“I don’t want a saint,” I say. “I want truth. And breakfast.”
His laugh is genuine. He dips his head and kisses my forehead—gentle and precise. It slides into me like a promise I didn’t know I wanted.
We clear the plates together, like two people who have done it before. He dries; I stack. There’s a world where this is the whole story: eggs, laughter, a man washing a pan with sleeves pushed up while I lean against the counter and talk about darts and bustles. That world doesn’t exist for us. But in this room, for a slice of the morning, it does, and I decide to keep it.
“Thank you for the machine,” I say, nodding upstairs.
He glances that way. “You’re welcome,” he says.
His phone sits face-down on the counter. It buzzes once, then goes still. He doesn’t pick it up.
“What happens next?” I ask.
“Next you show me the machine so I can pretend I understand it. Then I make calls in the office and keep you where I can see you. Tonight we spend the evening together. If you want.”
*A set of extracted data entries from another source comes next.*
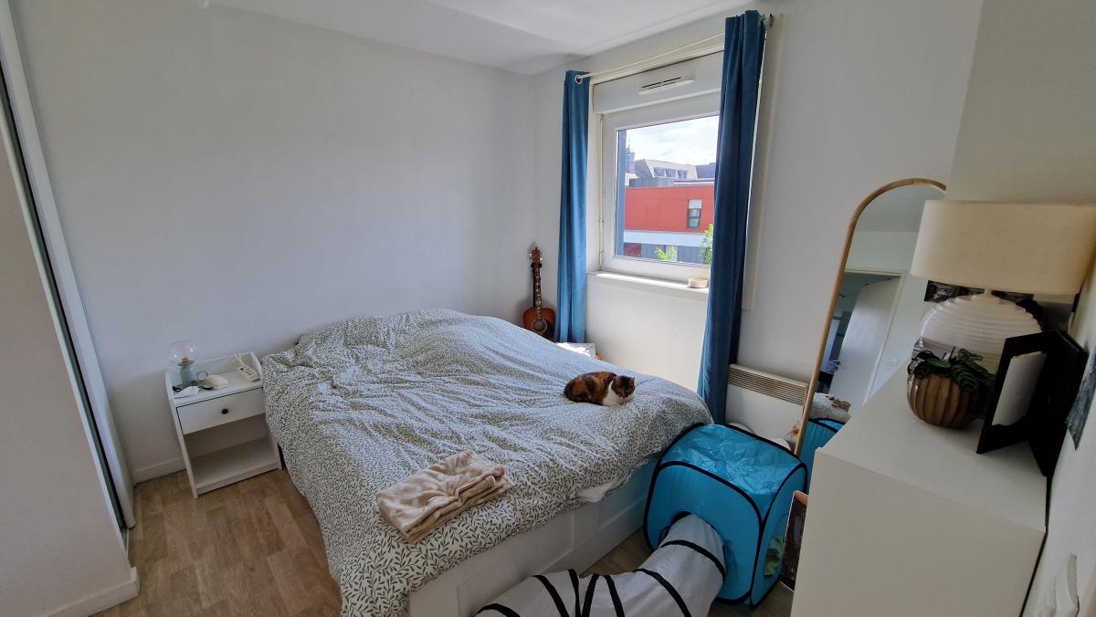 A VENDRE A ROUBAIX, A MOINS DE 5 MINUTES A PIED DU TRAMWAY ALFRED MONGY - DANS UNE RESIDENCE DE 2008, Un appartement situé au 4eme étage avec ascenseur, comprenant une entrée avec placard, belle pièce de vie , parquet, baie vitrée sur terrasse, cuisine ouverte aménagée, 1 grande chambre avec placard, une salle de bains attenante avec baignoire, wc séparés,
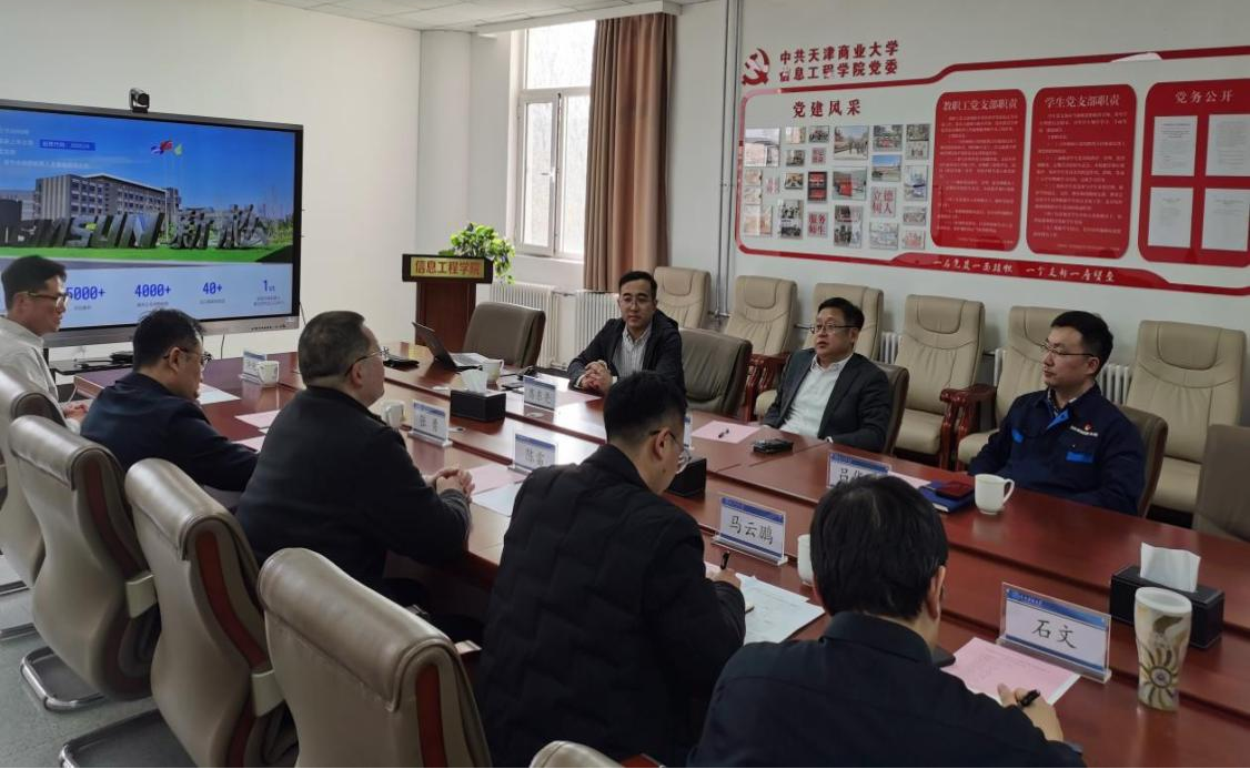 4月1日下午,天津新松机器人自动化有限公司总经理高松、战略发展总监吕华楠、销售工程师骞东亮一行到访太阳成集团tyc151cc,围绕深化校企合作、推进产教融合开展专题座谈。公司领导班子成员、专业负责人及青年骨干教师参与本次交流。
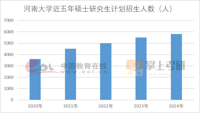 河南大學(xué)近五年碩士研究生招生計劃持續(xù)增長。由2020年的3600人,增長到2024年的5800人,五年間碩士研究生招生數(shù)量增長2200人。2024年學(xué)校招生計劃增幅為5.5%,低于去年的10%。
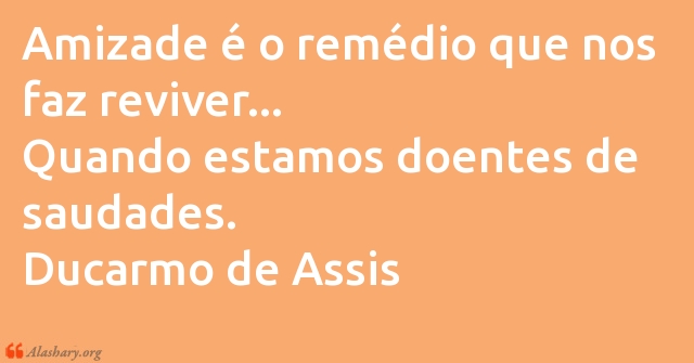 Amizade é o remédio que nos faz reviver... Quando estamos doentes de saudades. Ducarmo de Assis
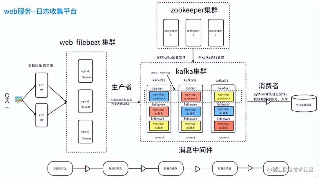 项目描述:分别使用3台Linux服务器来作为nginx集群搭建前端web服务,kafka集群和zookeeper集群,2台Linux机器做反向代理集群。通过filebeat收集前端nginx集群的访问日志,统一存入kafka集群平台,部署zookeeper集群来对kafka进行配置管理,通过python编写消费者对nginx的log日志做数据清洗,获取流量信息存入mysql数据库。
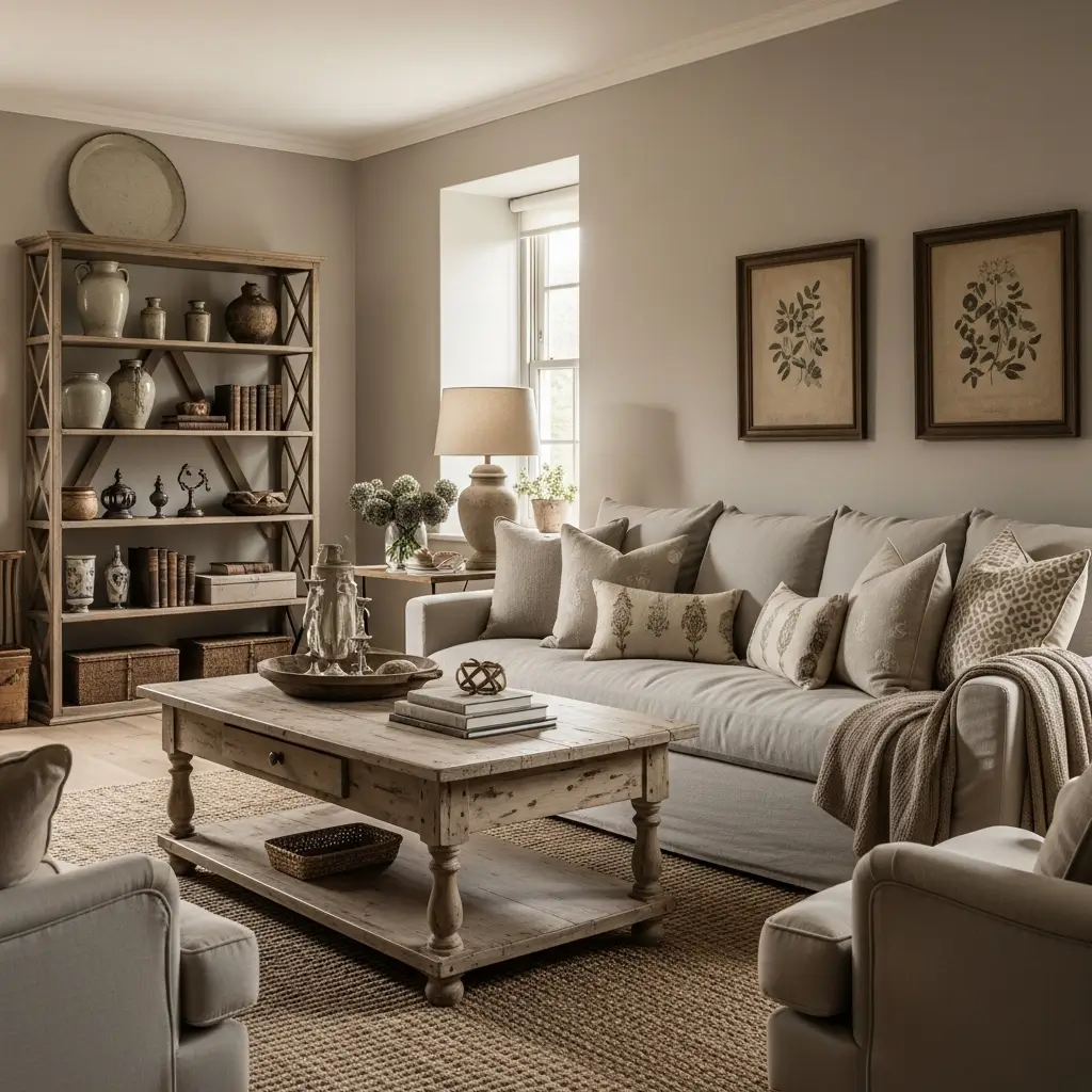 Neutral tones let vintage pieces shine without competing for attention. My living room palette runs from cream to warm gray to weathered brown, creating a cohesive backdrop that makes each vintage find stand out.
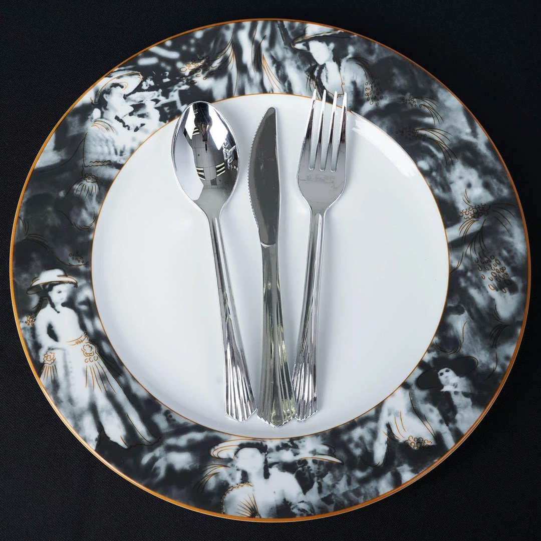 Add a voguish Victorian charm to your dining experience with these premium quality commercial grade Porcelain Dinner Plates that have chic Art Nouveau style custom decoration on the rim. The strong metallic-hued rims also give solid sturdiness to the plates, making them difficult to chip. Smooth, glossy porcelain coupled with vintage print accents will impart a regal sophistication to your dinner tables, banquet tables, guest tables, and other culinary servings. Our Porcelain dinnerware is completely lead-free, their exceptional quality and strength make them absolutely dishwasher and microwave safe.
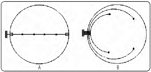 2、B是熱電偶成環(huán)形分布,從反應(yīng)器側(cè)面法蘭口插入,按提前設(shè)計(jì)好的路徑進(jìn)行安裝。該方案根據(jù)不同的工藝要求需要二次設(shè)計(jì)安裝支架,可以在反應(yīng)器內(nèi)構(gòu)件上焊接支架,對于測溫點(diǎn)沒有內(nèi)構(gòu)件的可以在反應(yīng)器器壁上焊接支架,或獨(dú)立設(shè)計(jì)支架,如圖2所示。其優(yōu)點(diǎn)是可應(yīng)用于測溫點(diǎn)多且非直線分布的場合;缺點(diǎn)是設(shè)計(jì)量大,安裝復(fù)雜,支架全部使用螺栓聯(lián)接,對支架長周期使用的穩(wěn)定性提出較高的要求。
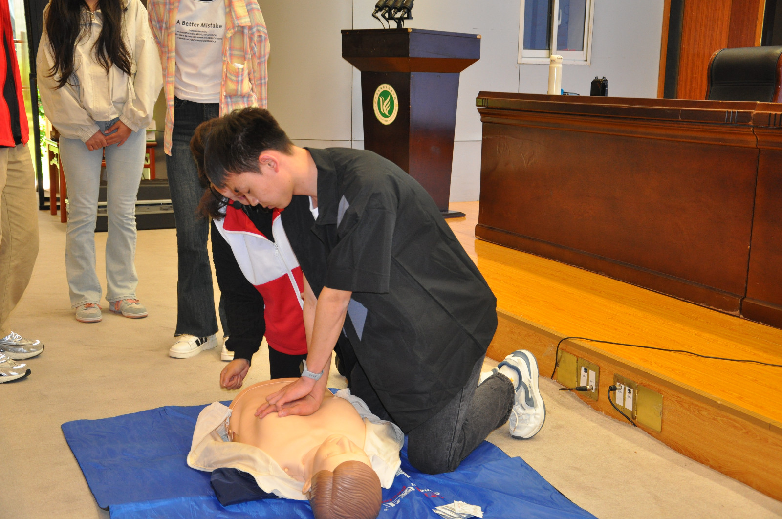 在模拟演示中,讲师使用人体模具进行心肺复苏的教学演示,并邀请部分学生代表走上台来亲手体验。“这是一课可以‘救命’的课。”大学生们表示,当天的急救培训很有必要,让大家切实掌握了应急救护的相关知识,提高了大家在意外来临时的自救互救能力。

“If I want,” I repeat. The choice is real. I can hear it in his tone.
“If you want,” he says again, a contract sealed with repetition.
I rinse my mug and set it in the rack, then wipe my hands. I turn back and lean my hip into the island.
“I want to sit at your desk and sketch while you work,” I say. “I want to pretend I’m not listening and listen anyway. I want the names of Clara’s guards by the time I text her this afternoon.”
“Bolton and Ortiz,” he says quickly. “You’ll meet them soon.”
I smile.
He reaches out slowly, so I can throw a flag if I need to and tucks a loose piece of hair behind my ear. His fingers linger at my jaw for a second too long. The ribbon is soft at my wrist.
“Truth,” he says quietly.
“Truth,” I echo.
We stand there in the warm kitchen lit brightly by the snow outside and let the morning be slow.
He’s still who he is. I’m still who I am.
I think of the baby.
“Teach me,” he says, glancing toward the skillet, his mouth turning into a crooked grin.
I hand him the whisk and stand behind him, my arms coming around his waist, guiding his wrist through steady circles. “Gentle,” I say. “Confident. Don’t scramble. Coax.”
“Coax,” he repeats, doing exactly what I tell him. For once, the man who commands every room he enters lets himself be taught.
It lands warmer than it should. It lands exactly where I need it.
CHAPTER 29
CASSANDRA
Damien’s sleeves are still rolled up, his forearms flexing as he wipes down the skillet again with a precision that’s almost comical.
All I can do is watch and admire. There’s something about the way he does things that pulls me in, makes me drool a little.
“Careful,” I say, nudging his hip with mine, “you’ll polish that pan into oblivion.” He glances over, his mouth twitching in that quiet way that feels like a secret just for me. The morning has been perfect. It’s intoxicating.
His eyes catch mine and the air shifts. He sets the skillet down, palms pressing into the marble island. I feel the weight of his gaze like a touch.